▶ _Exercise objective_
Your reply must hold the lines from the one containing "预售新品网红同款时尚百搭暗黑机车铆钉设计小托特手提斜挎包包女" to the end of the entries, copied exactly, with pictures excluded.

Items from a dataset:
---

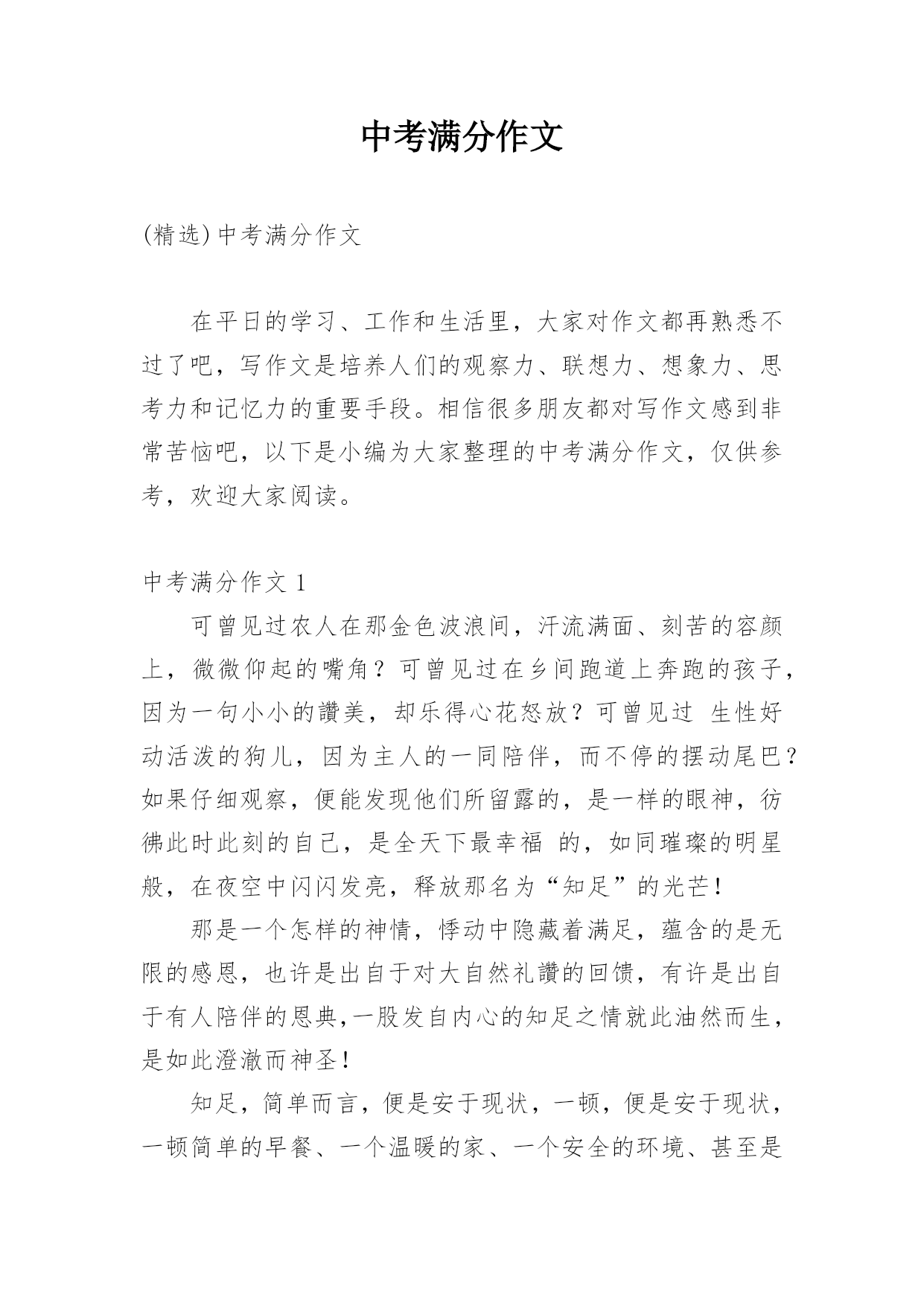 中考满分作文(精选)中考满分作文在平日的学习、工作和生活里,大家对作文都再熟悉不过了吧,写作文是培养人们的观察力、联想力、想象力、思考力和记忆力的重要手段。相信很多朋友都对写作文感到非常苦恼吧,以下是小编为大家整理的中考满分作文,仅供参考,欢迎大家阅读。中考满分作文1可曾见过农人在那金色波浪间,汗流满面、刻苦的容颜上,微微仰起的嘴角?可曾见过在乡间跑道上奔跑的孩子,因为一句小小的讚美,却乐得心花怒放?可曾见过生性好动活泼的狗儿,因为主人的一同陪伴,而不停的摆动尾巴?如果仔细观察,便能发现他们所留露的,是一
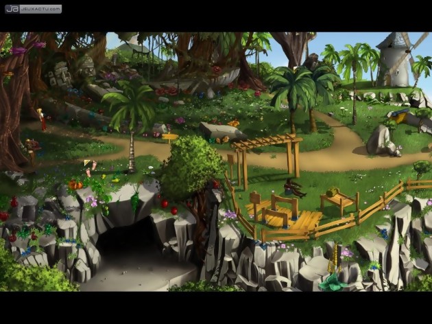 Premier projet PC entièrement réalisé par les jeunes Français de Wizarbox, assistés pour l’occasion de Steve Ince, script et producteur de plusieurs épisodes des Chevaliers de Baphomet, So Blonde est un jeu d’aventure étonnamment frais, mais également assez mal fichu. Techniquement imparfait, offrant des décors en 2D franchement mignons et bourrés de détails amusants et de références débiles (des chevaliers pendus qui font "Ni" dans une lande désolée, une trappe métallique en pleine jungle, …), il affiche en parallèle des éléments en 3D fort vilains. Taillés à la hache dans des textures grossières, les personnages manquent à la fois de charisme et d’agilité. Une souplesse qui fait également défaut à cette aventure, assez drôle au demeurant, du moins pour qui aime l’humour potache, mais écrite un peu rapidement et rallongée de manière très artificielle. Point’n’click dans la plus pure tradition du genre, So Blonde consiste essentiellement à trouver des objets dans les jolis décors, à les utiliser plus loin, soit tel quel, soit en les combinant avec d’autres bricoles, et à taper la discute avec les quelques habitants de l’île. Tentant de moderniser un peu cet antique concept, les développeurs ont introduit quelques features utiles dans leur produit. Ainsi, afin de ne pas perdre votre temps dans une chasse au pixel stérile, vous pouvez afficher tous les éléments interactifs de l’environnement dans lequel vous vous trouvez en appuyant sur la barre Espace. Ensuite, pour vous divertir un peu plus, les Franciliens ont mis au point tout un tas de mini-jeux débiles, souvent présentés sous la forme d’un Game & Watch et offrant des gameplay calqués sur les bidules électroniques des années 80, de Donkey Kong à Space Invaders. Passages obligés, puisqu’ils vous permettent de récupérer des objets indispensables à la poursuite de votre quête, ces interludes – souvent aussi maniables que leurs vénérables ancêtres – peuvent toutefois être bouclés automatiquement si vous ne vous sentez pas l’âme nostalgique. Ces bonnes idées ne suffisent toutefois pas à masquer quelques défauts rédhibitoires. Divisé en quatre chapitres, So Blonde peine franchement à tenir la distance. Rigolotes et dynamique, les deux premières parties se terminent avec plaisir, alors que les deux suivantes se révèlent fort laborieuses et consistent pour l’essentiel à faire mille et un allers-retours entre les quatre coins de l’île. Vous partez chercher un objet au nord, le remettez à un personnage au sud, qui se rend alors compte qu’il lui faut un autre élément qui se trouve encore au nord. Les zones étant séparées par des temps de chargement (assez brefs, heureusement), vous passerez bien du temps à regarder les écrans de loading durant les dernières heures d’une aventure qui se prend de plus en plus au sérieux à mesure que Sunny s’éveille à la dure réalité de la vie. La vengeance ludique des blondes attendra encore un peu…
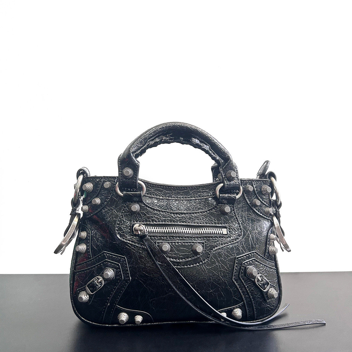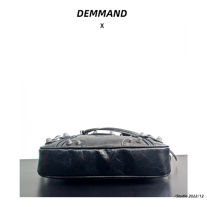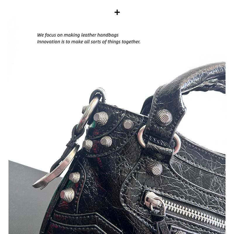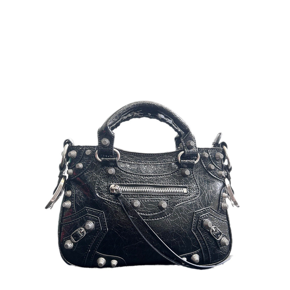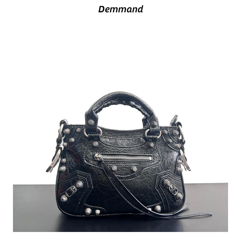 预售新品网红同款时尚百搭暗黑机车铆钉设计小托特手提斜挎包包女
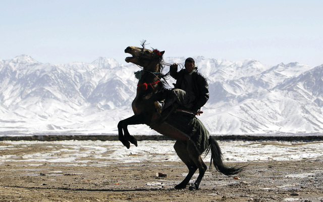 رجل على صهوة جواده يمارس هوايته المفضلة بتدريب حصانه على القفز في الهواء، متحدياً موجة الصقيع القاسية على إحدى القمم المطلة على العاصمة الأفغانية كابول التي يكسوها الثلج الأبيض بحلته الجميلة والتي يزيدها فخامة وأبهة. إنها براعة الهواية وذروة الشجاعة بالرقص فوق الجليد المتراكم الذي يتربع فوق القمم الجرداء فيحولها شرايين نابضة بالحياة. ()
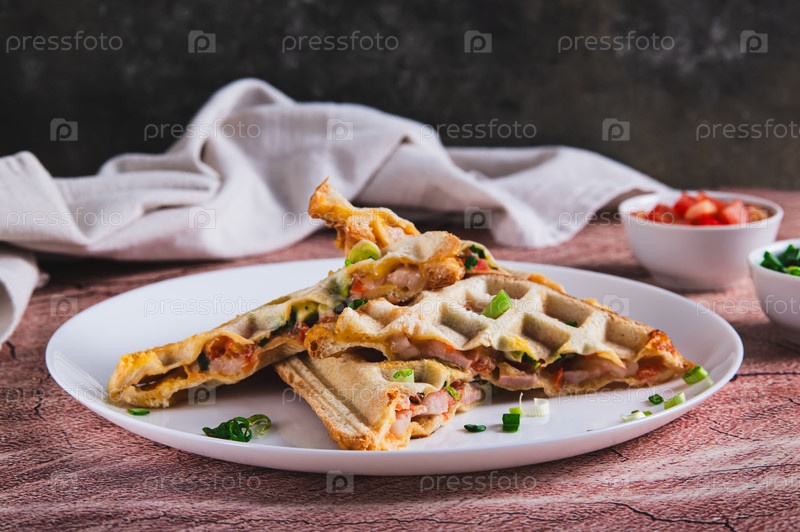 Гофревые тосты с ветчиной, сыром и помидорами заполняют тарелку на столе
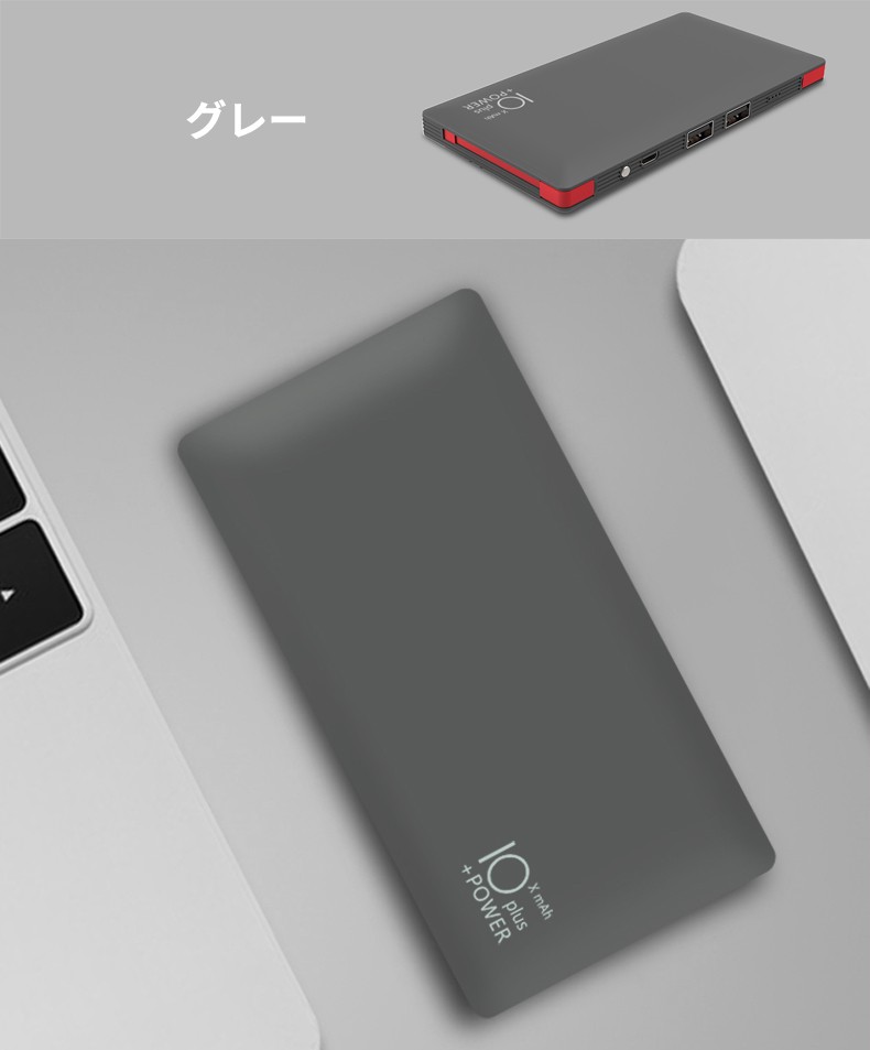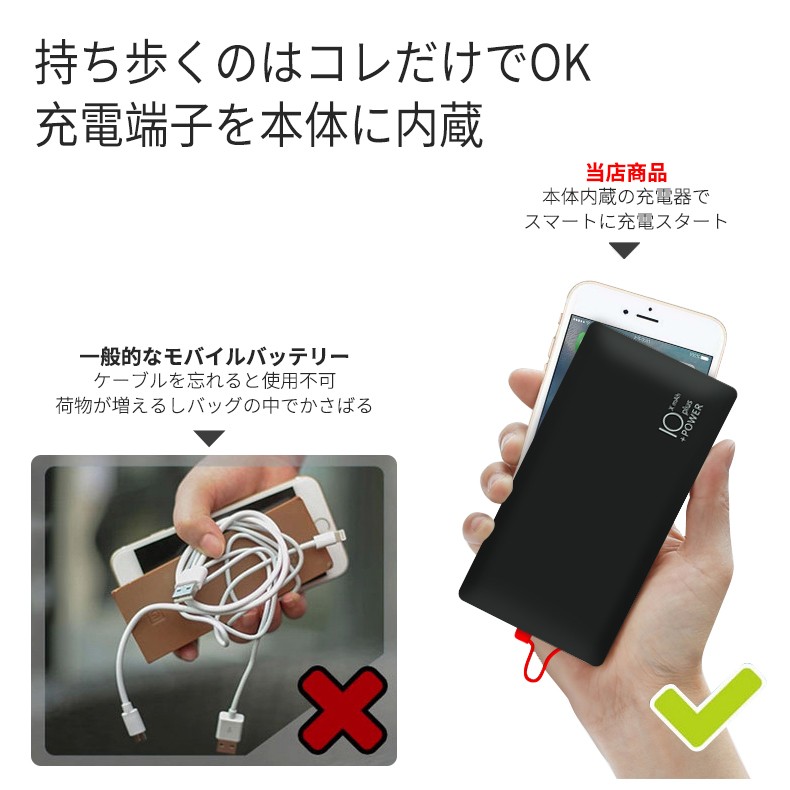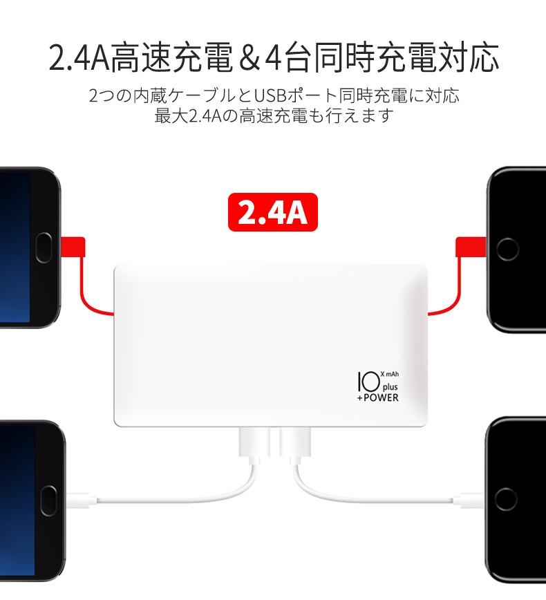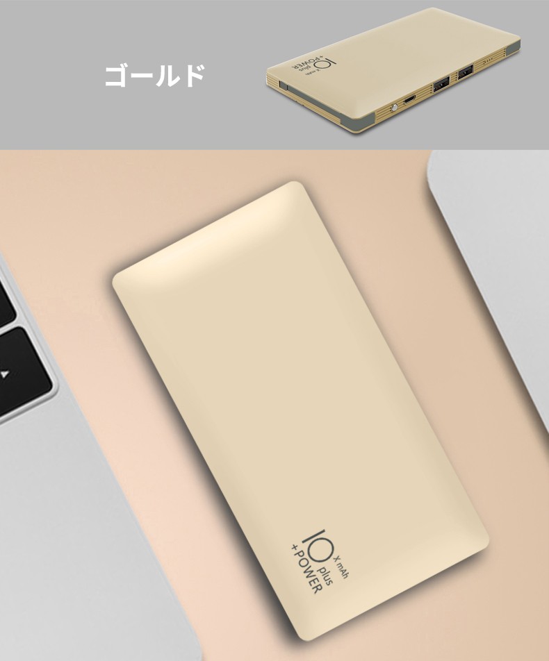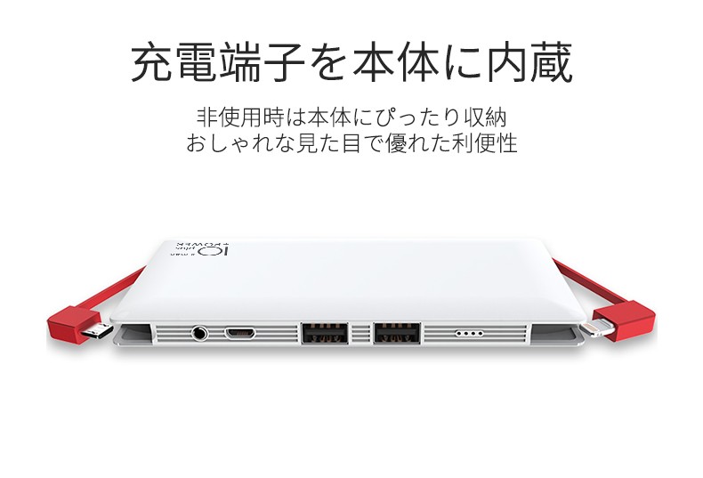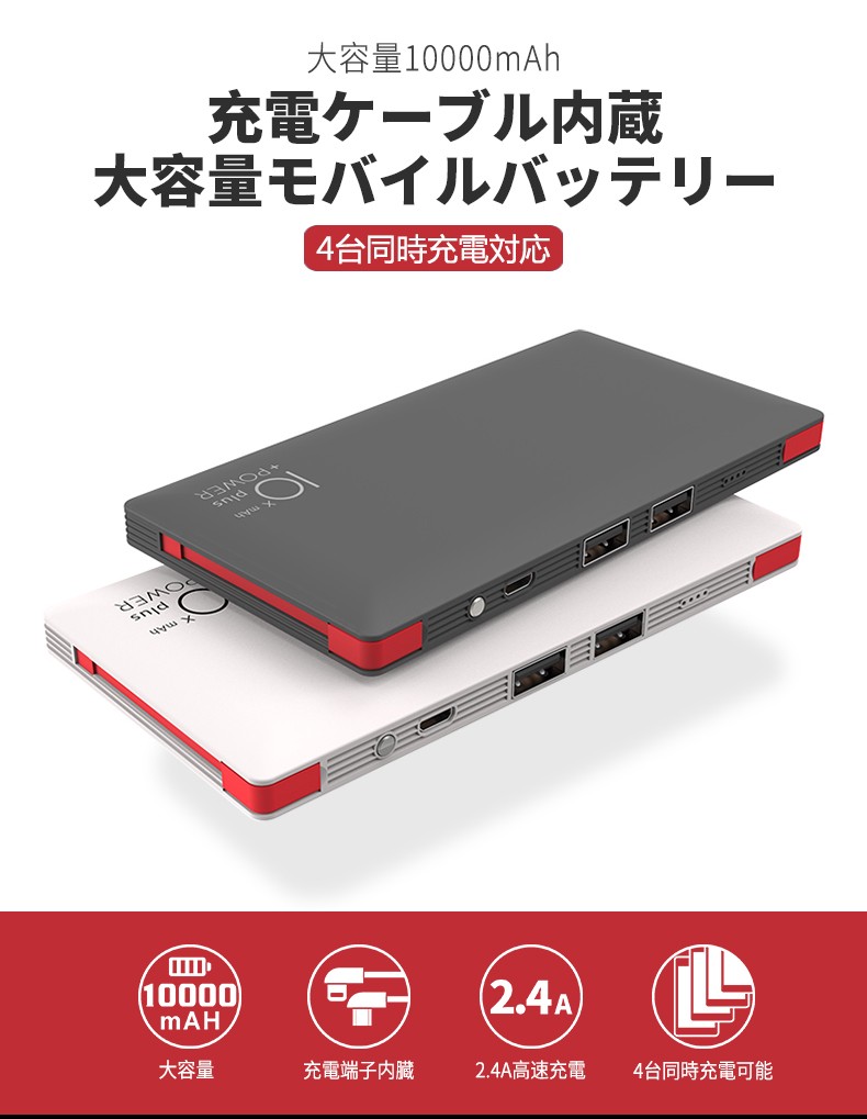 薄型超軽量でケーブル内蔵の大容量モバイルバッテリー登場!カラー・ゴールド・ローズゴールド・ブラック・グレー・ホワイト【 10000mAh超大容量モバイルバッテリー 】10000mAhの大容量ながら薄さは12.8mm、重量たったの210g使う場所を選ばないシンプルコンパクトデザイン4台同時出力にも対応でこれ一台で身の回りのありとあらゆる機器を同時に充電!しかも高速充電にも対応【 各種充電ケーブル内蔵 】オシャレな見た目に隠れた便利機能!iPhone充電端子、MicroUSB-B端子それぞれを本体に内蔵しケーブルの煩わしさから開放!※USB Type-C対応機種の充電には、別売りの変換アダプターが必要です。もうケーブルを別に持ち歩く必要はありません。これさえあればSoftbank,docomo,auなどの国内キャリアを含めたXperia,Huawei,ASUS Zen Fone,Galaxy,iPod...etc数多くの機種に充電する事が可能になります。

---

▶ _Task result_
 预售新品网红同款时尚百搭暗黑机车铆钉设计小托特手提斜挎包包女
 رجل على صهوة جواده يمارس هوايته المفضلة بتدريب حصانه على القفز في الهواء، متحدياً موجة الصقيع القاسية على إحدى القمم المطلة على العاصمة الأفغانية كابول التي يكسوها الثلج الأبيض بحلته الجميلة والتي يزيدها فخامة وأبهة. إنها براعة الهواية وذروة الشجاعة بالرقص فوق الجليد المتراكم الذي يتربع فوق القمم الجرداء فيحولها شرايين نابضة بالحياة. ()
 Гофревые тосты с ветчиной, сыром и помидорами заполняют тарелку на столе
 薄型超軽量でケーブル内蔵の大容量モバイルバッテリー登場!カラー・ゴールド・ローズゴールド・ブラック・グレー・ホワイト【 10000mAh超大容量モバイルバッテリー 】10000mAhの大容量ながら薄さは12.8mm、重量たったの210g使う場所を選ばないシンプルコンパクトデザイン4台同時出力にも対応でこれ一台で身の回りのありとあらゆる機器を同時に充電!しかも高速充電にも対応【 各種充電ケーブル内蔵 】オシャレな見た目に隠れた便利機能!iPhone充電端子、MicroUSB-B端子それぞれを本体に内蔵しケーブルの煩わしさから開放!※USB Type-C対応機種の充電には、別売りの変換アダプターが必要です。もうケーブルを別に持ち歩く必要はありません。これさえあればSoftbank,docomo,auなどの国内キャリアを含めたXperia,Huawei,ASUS Zen Fone,Galaxy,iPod...etc数多くの機種に充電する事が可能になります。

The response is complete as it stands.